Directions – Below are the records; copy exactly the lines from the first through the one containing "In occasione del", both included, and leave out the pictures.

Items from a dataset
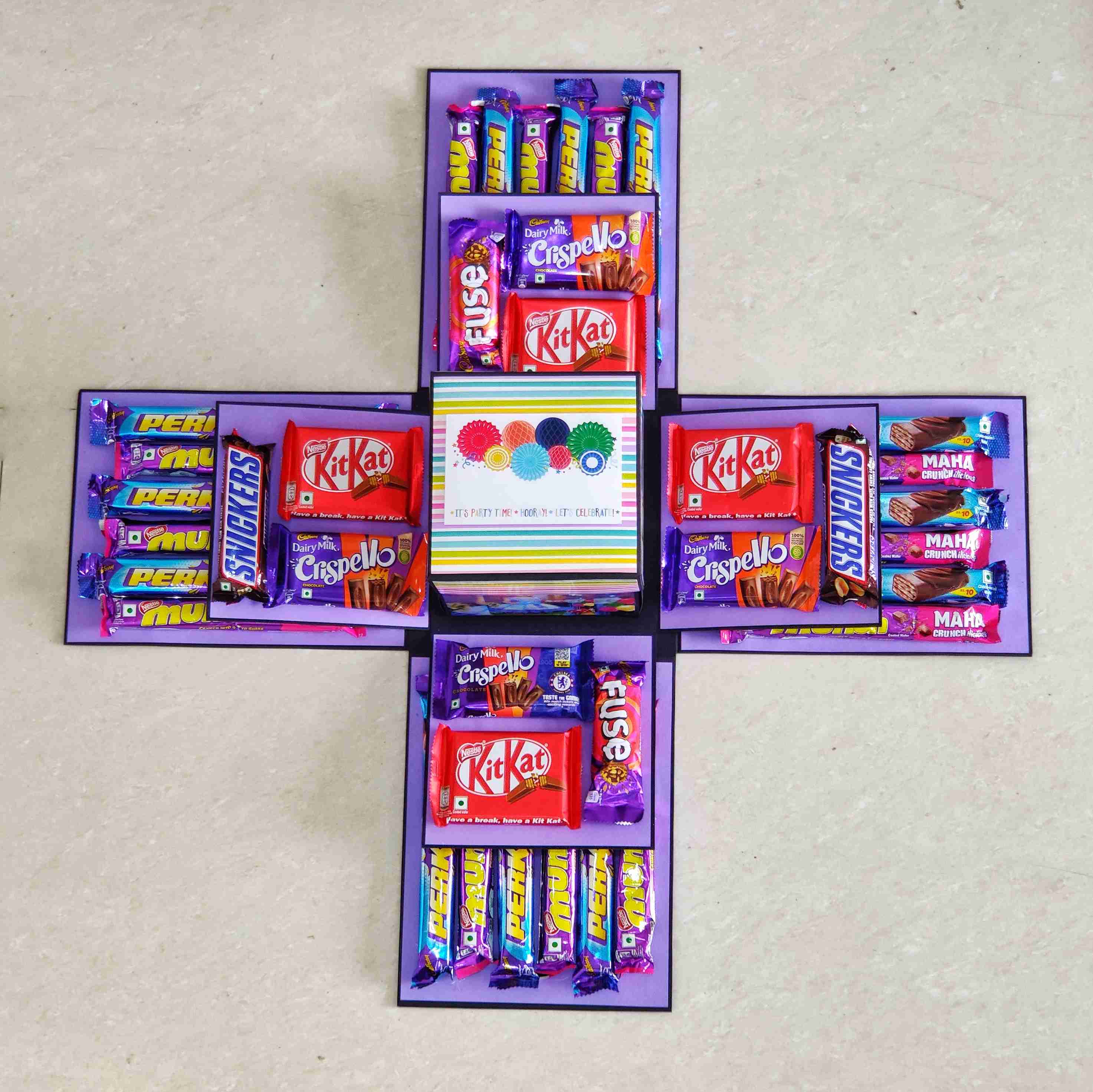 Amaze your loved ones with this artfully crafted chocolate explosion box. Each layer unveils delightful treats, making every moment unforgettable.
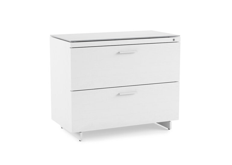 With spacious file drawers that can accommodate a high volume of letter and legal-sized hanging folders, the Centro 6416 White Lateral File Storage Cabinet by BDi is a satin white file storage cabinet that is high in both modern style and function. Innovative features include an anti-tip mechanism, a rear counterweight, an integrated lock that secures both drawers with a single key, and a highly durable grey satin-etched tempered glass top that can double as an additional work surface. It can be paired with the 6402 Return to create a compact and attractive workstation.
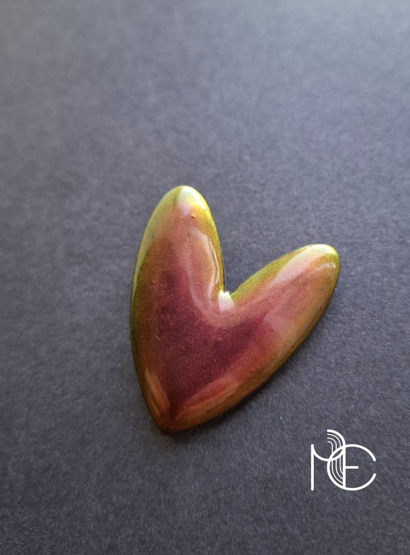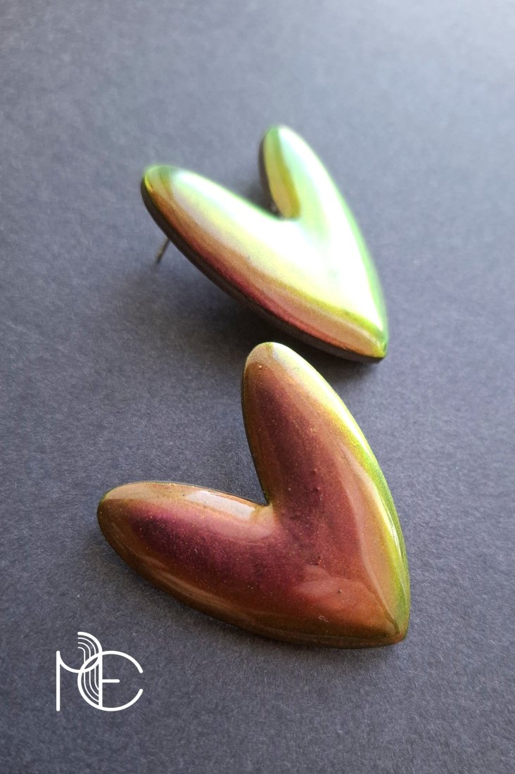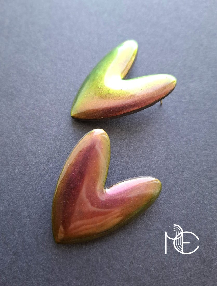 Efektowne, lekkie kolczyki na sztyfty wykonane z wysokiej jakości glinki polimerowej, mieniące się barwami przy padaniu światła. Jednostronne z posrebrzanymi, nieuczulającymi sztyftami. Wymiary: długość wraz z zapięciem: 4,5 cm; szerokość max. 3,8 cm. Wykonane w jedynym egzemplarzu.
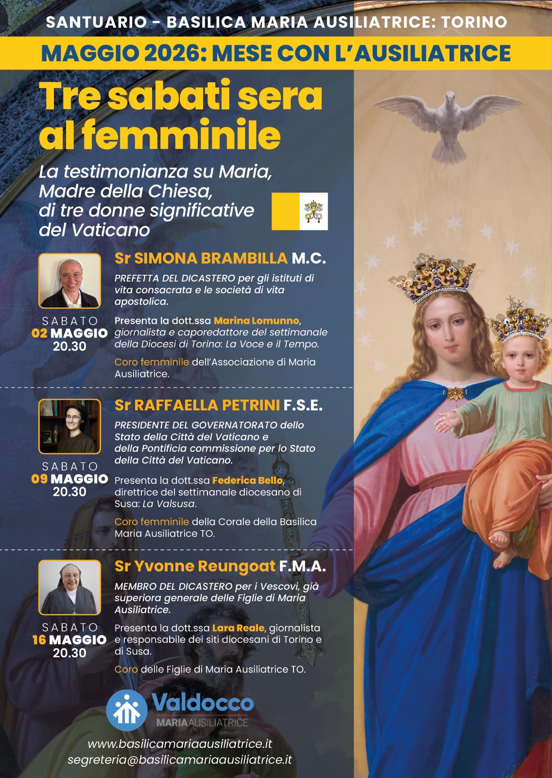 In occasione del mese con l’Ausiliatrice di maggio 2026 torna alla Basilica Maria Ausiliatrice di Torino l’appuntamento dei tre sabati sera al femminile: la testimonianza su Maria, Madre della Chiesa, di tre donne significative del Vaticano.
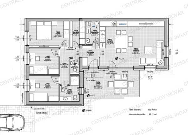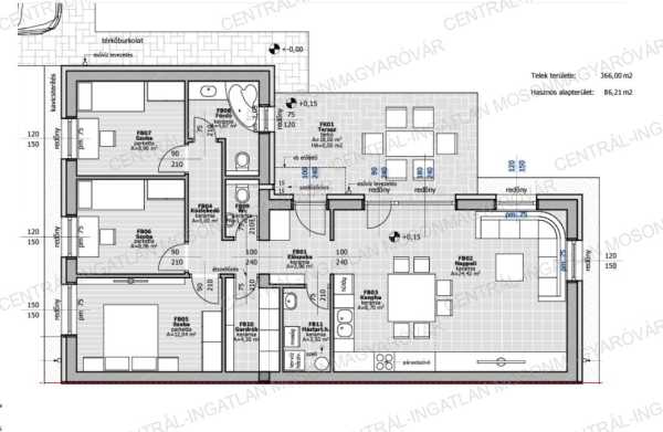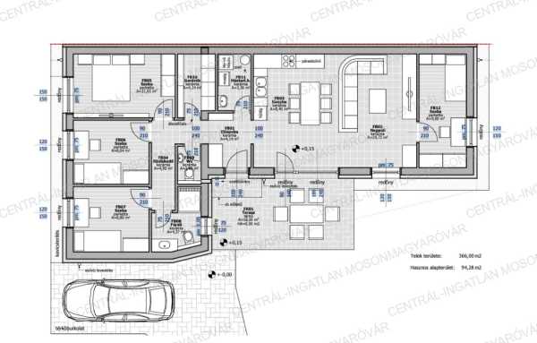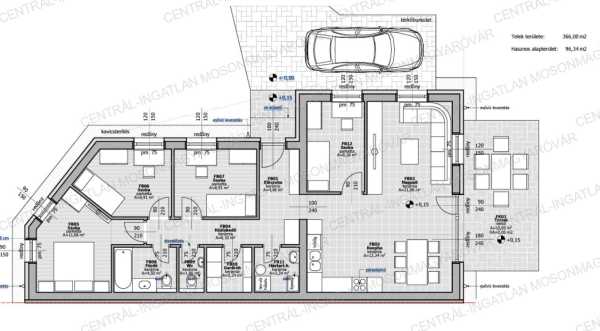 Mosonmagyaróváron a Duna lakóparkban, 366m2-es telken, új építési területen kiváló energetikai besorolású házakat kínálunk. A családi házaknál 3 -féle típusból lehet választani, igény szerint 4 vagy 5 szobával (nappali + 3 vagy 4 hálószoba). Hőszivattyús fűtés és meleg víz ellátás + hűtés rendszer kialakítás!!! Új fejlesztésű, innovatív családi házak itt, a Centrál-Ingatlan kínálatában. A választható családi házak méretei: -Hasznos alapterület: 86m2, lakótér 80m2 + terasz 18m2, 4 szoba (nappali + 3 hálószoba), emelt szintű, fűtéskész ár 366m2 telekkel: 79.8 millió Ft -Hasznos alapterület: 100.28m2, lakótér 94.28m2 + terasz 18m2, 5 szoba (nappali + 4 hálószoba), emelt szintű, fűtéskész ár 366m2 telekkel: 89.1 millió Ft -Hasznos alapterület: 102.34m2, lakótér 96.34m2 terasz 18m2, 5 szoba (nappali + 4 hálószoba), emelt szintű, fűtéskész ár 366m2 telekkel: 90.8 millió Ft A hirdetésben szereplő családi ház: -Hasznos alapterület: 100.28m2, lakótér 94.28m2 + terasz 18m2, 5 szoba (nappali + 4 hálószoba), emelt szintű, fűtéskész ár 366m2 telekkel: 89.1 millió Ft (Hasznos alapterület mérete = lakótér mérete + nem fedett terasz méretének 1/3-a.) -Az aszfaltozott utcában épülő, telekhatárra épülő házak új építésű környezetben készülnek. Mindegyik családi háznak önálló bejárata van, nincs átjárás vagy közös terület. A házakhoz 366m2 telek tartozik. A nagyobb alapterületű, 5 szobás házak saroktelekre épülnek. Mindegyik ház, hátsókertje autóval is megközelíthető, ahol a későbbiekben tároló is elhelyezhető. -A 4-5 szobás házak praktikus stílusú tervezés eredménye. A belső elosztás is ideális, kényelmes alapterületen minden szükséges megtalálható. A földszintes ház helyiségei: nappali-étkező-konyha, 3 vagy 4 hálószoba, továbbá fürdőszoba+wc, önálló wc, háztartási helyiség, gardrób helyiség, előszoba és egy közlekedő ahonnan a helyiségek nyílnak. -A nappaliból egy 18m2-es, térkő burkolatú teraszra tudunk kilépni és opcionális lehetőségként a terasz bővíthető és a jövőben befedhető. -Külső nyílászárók: Kömmerling Prémium típusú, 5 légkamrás profilú, meleg peremes műanyag ablakok, amelyek 3 rétegű üvegezéssel készülnek. Most EXTRA-ként a vételár tartalmazza a hőszigetelt, alumínium redőnyöket is. -A fűtést és a meleg vizet hőszivattyú biztosítja amely víz-levegő típusú. A ház padlófűtéssel kerül átadásra. A hőszivattyú hűtésre is alkalmas, a hűtés kiépítése benne van az árban, a fan-coil beltéri egységet az ár nem tartalmazza. -A ház 30-as Porotherm síkra csiszolt, habarcsmentes téglából készül, 15 cm-es homlokzati szigeteléssel. Aljzatban 15 cm hőszigetelés kerül. A családi házak monolitbeton födémmel, lapos tetős kivitelben készülnek. -A magas műszaki tartalom, kiváló anyagok felhasználásával, profi kivitelezésben készül minden. A jó tervezés eredményként a nappali-konyha 33-34m2, és a 3-4 szoba is elfér. -A jó méretű ablakok ezt támogatják, hogy sok fény jusson a belső terekbe, így a téli időszakban sok napenergiát is beengedhetünk a házba. A jellemzően keleti fekvésű terasz kiváló választás, a nyári melegben is jól használható mert délután már árnyékos. -A feltüntetett ár fűtéskész állapotra vonatkozik. Tartalmazza a telekrész árát, teljes külső befejezést, tereprendezést, belső fűtéskész állapotot. -A kulcsrakész befejezésre is van lehetőség. Készültségi szinttől függően változtatás, opcionális átalakítás, extra kérések is megvalósíthatóak. -A közműbeállásokat, villanyóra szekrényt, vízóra aknát tartalmazza a vételár, a közműórák költségét nem. Ezt a vevő saját nevére tudják igényelni amiben a beruházó segítséget nyújt. A hőszivattyúhoz H tarifás mérőóra igényelhető. -A telkekre egy családi ház épül telkenként oldalhatáros beépítéssel. Az azonos telekhatárra épült családi házak önálló alappal és egymástól két önálló főfalszerkezettel elválasztva épülnek, a rétegrend: 30-as tégla főfal-légrés-30-as tégla főfal. -Kérhető plusz költséggel: kerítés, térkövezés, belső munkálatok, napelem előkészítés stb. A nálunk vásárlóknak a lakások befejezéséhez, bútorozásához nagy értékű ajándékutalványt biztosítunk kiemelt partnereinknél! Remek választás, kiváló energetikai besorolás, alacsony rezsi, kiváló lokáció, minőségi kivitelezés. Tervezett átadás lekötéstől függően 2025. III.-IV. negyedév. A megadott elérhetőségeken várom jelentkezését!
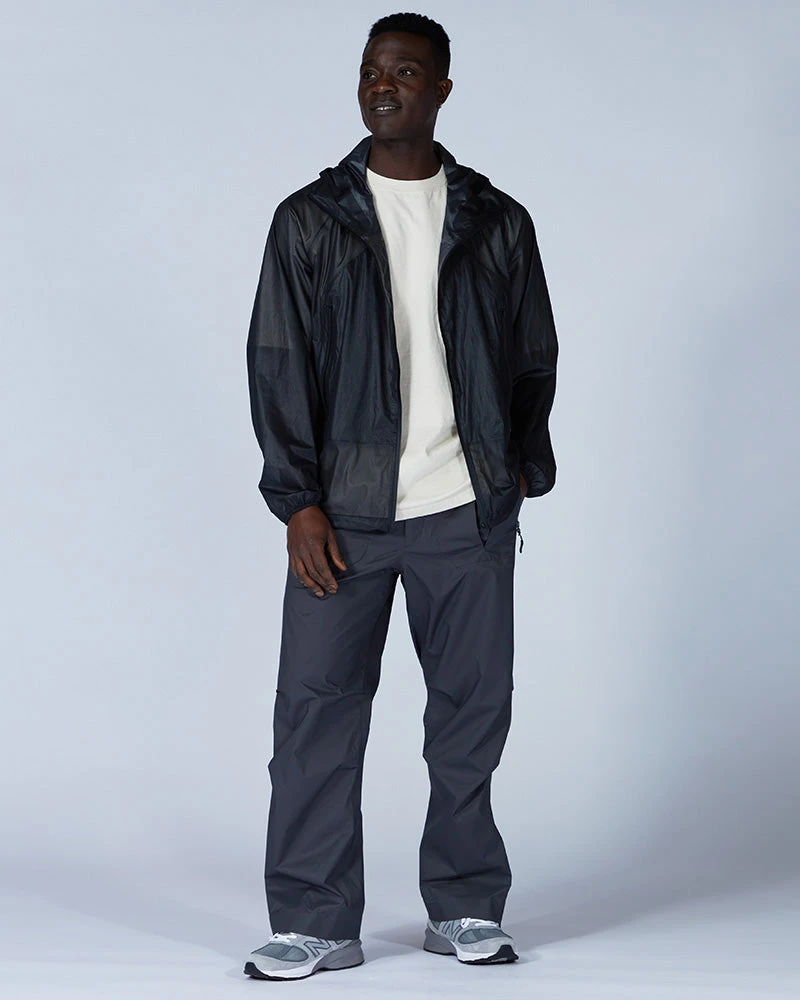 The Light Packable Rain Jacket is designed to fit close to the body. We recommend taking your normal size for a standard fit. The model stands 6′ and wears size L.

Your response –
 Amaze your loved ones with this artfully crafted chocolate explosion box. Each layer unveils delightful treats, making every moment unforgettable.
 With spacious file drawers that can accommodate a high volume of letter and legal-sized hanging folders, the Centro 6416 White Lateral File Storage Cabinet by BDi is a satin white file storage cabinet that is high in both modern style and function. Innovative features include an anti-tip mechanism, a rear counterweight, an integrated lock that secures both drawers with a single key, and a highly durable grey satin-etched tempered glass top that can double as an additional work surface. It can be paired with the 6402 Return to create a compact and attractive workstation.
 Efektowne, lekkie kolczyki na sztyfty wykonane z wysokiej jakości glinki polimerowej, mieniące się barwami przy padaniu światła. Jednostronne z posrebrzanymi, nieuczulającymi sztyftami. Wymiary: długość wraz z zapięciem: 4,5 cm; szerokość max. 3,8 cm. Wykonane w jedynym egzemplarzu.
 In occasione del mese con l’Ausiliatrice di maggio 2026 torna alla Basilica Maria Ausiliatrice di Torino l’appuntamento dei tre sabati sera al femminile: la testimonianza su Maria, Madre della Chiesa, di tre donne significative del Vaticano.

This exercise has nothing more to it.